*Recorded data:*
┏━━
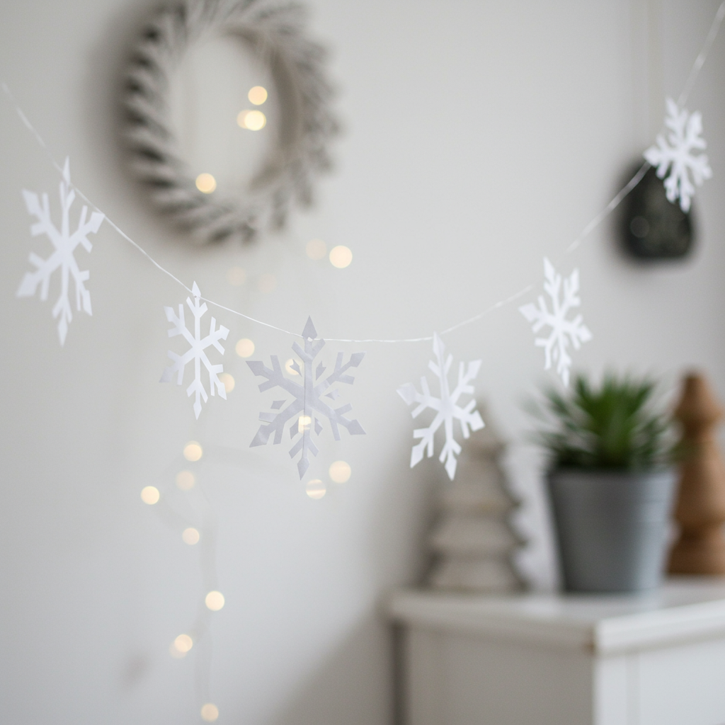 2. Paper, scissors and some string are all you need to make snowflake garland. Find patterns you love with a quick online search. Simple, bold and easy for the kids.
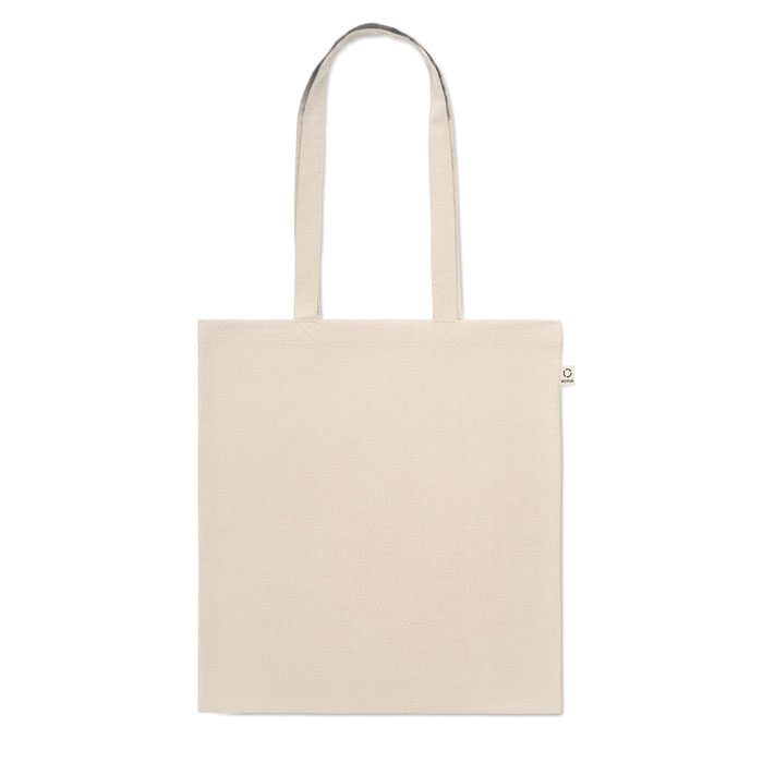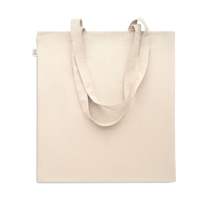 Recycled pre-consumer cotton shopping bag (70% recycled cotton and 30% RPET) with long handles. 140 gr/m². This item can shrink after printing.
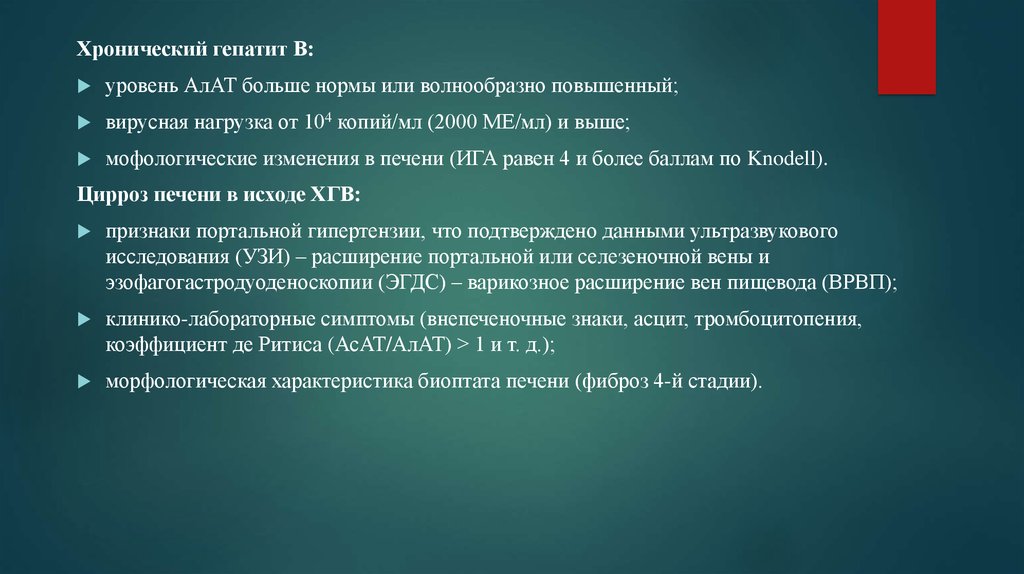 Хронический гепатит В:уровень АлАТ больше нормы или волнообразно повышенный;
┗━━
*Requirement:* Would you copy all the material exactly, dropping the pictures?

*Written reply:*
 2. Paper, scissors and some string are all you need to make snowflake garland. Find patterns you love with a quick online search. Simple, bold and easy for the kids.
 Recycled pre-consumer cotton shopping bag (70% recycled cotton and 30% RPET) with long handles. 140 gr/m². This item can shrink after printing.
 Хронический гепатит В:уровень АлАТ больше нормы или волнообразно повышенный;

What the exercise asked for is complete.